The Emperor penguin (Aptenodytes forsteri) is the only warm-blooded vertebrate thriving and breeding during the harshest Antarctic winter, facing profound seasonal changes in daylight length as well as severe cold and wind conditions (Blix 2016; Goldsmith and Sladen 1961). To withstand such hostile environment, the Emperor penguin shows multiple morphological, physiological, behavioural adaptations, like improved thermoregulation systems in the head, wings, and legs (Frost et al. 1975; Thomas and Fordyce 2008), and efficient energy storage management system for long-term fasting (Groscolas 1990; Cherel et al. 1994; Groscolas and Robin 2001). Conversely, its sister species, the King penguin (A. patagonicus), breeds exclusively in year-round ice-free sub-Antarctic islands and in Tierra del Fuego. Extreme cold adaptation in the Emperor penguin has been suggested to be a derived feature from a less cold-adapted ancestor, likely more ecologically similar to the King penguin (Vianna et al. 2020). Such marked ecological transition should have left a clear signature of selection change across the genome of the Emperor penguin, with some genes becoming the novel targets of positive selection while others getting released from previous selective pressures associated with the ancestral habitat.
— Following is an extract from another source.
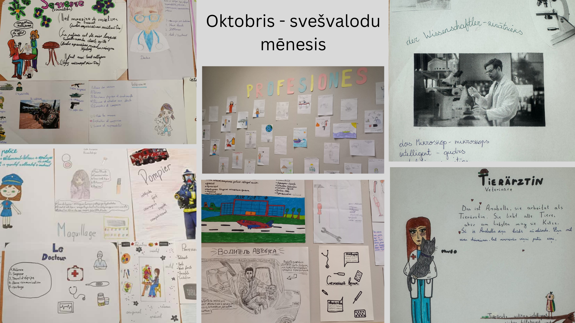 Svešvalodas mēneša tēma "Profesijas" piedāvā 4. - 6.kl. skolēniem lielisku iespēju iepazīt un pārdomāt savus mērķus un sapņus. Šogad, veidojot kolāžas par profesijām dažādās valodās - krievu, spāņu, vācu un franču - secinām, cik dažādi var izpausties cilvēka vēlmes attiecībā uz nākotni. Katras valodas un kultūras skatījums uz profesijām sniedz jaunas perspektīvas un idejas. Veidojot kolāžas par profesijām, skolēni iepazina dažādas profesijas un karjeras iespējas. Šī tēma mudina skolēnus iedomāties, kādas profesijas varētu izvēlēties nākotnē, un kā tās varētu atbilst interesēm, prasmēm un vēlmēm.

Here, we apply phylogeny-based tests to identify genes that markedly changed in their selection regime during the evolutionary history of the Emperor penguin, using its less cold-adapted sister species, the King penguin, as a control. If the common ancestor ecology was similar to the King penguin one, we expect a more intense selection shift across the Emperor penguin genome, with genes under positive selection related to adaptations to cold. By using a phylogenetic framework including seven species of penguins and 13 other birds, we compare the pattern of molecular evolution (Yang 2007; Wertheim et al. 2015) between Emperor and King penguins across 7651 orthologous genes and explore the gene ontology (GO) terms to identify the molecular functions that may have undergone positive selection in the Emperor penguin. To allow for a broader comparison with other cold-adapted vertebrates, we also investigated the overlap between the biological functions of the candidate genes identified in the Emperor penguin and the metabolic and physiological functions related to cold adaptation found in previous studies.

Methods

Orthologous coding sequences identification

In order to test for selective signatures in coding sequences of Emperor and King penguins, we implemented a comparative phylogenomic analysis. We selected at least one species for each extant penguin genus based on the phylogeny of Pan et al. (2019), and other bird species to evenly represent the clade of Core Waterbirds (which includes penguins), the tropicbirds (one species only), and, less densely, the Core Landbirds according to Jarvis et al. (2014). The resulting dataset included seven penguin species (Eudyptula minor minor, Spheniscus magellanicus, Eudyptes chrysolophus, Pygoscelis papua, Pygoscelis adeliae, Aptenodytes patagonicus and Aptenodytes forsteri) and 13 additional bird species (Phaethon lepturus, Eurypyga helias, Gavia stellata, Fulmarus glacialis, Phalacrocorax carbo, Nipponia nippon, Egretta garzetta, Pelecanus crispus, Haliaeetus leucocephalus, Tyto alba, Cariama cristata, Corvus brachyrhynchos and, as a more distant outgroup, Opisthocomus hoazin). We reconstructed the topology of the phylogenetic relationships among the selected species on the basis of the high-quality whole-genome phylogenies in Jarvis et al. (2014) and Pan et al. (2019). All coding sequences (CDS) of each of these twenty bird species were downloaded from GigaDB and Genbank (Supplementary Table S1).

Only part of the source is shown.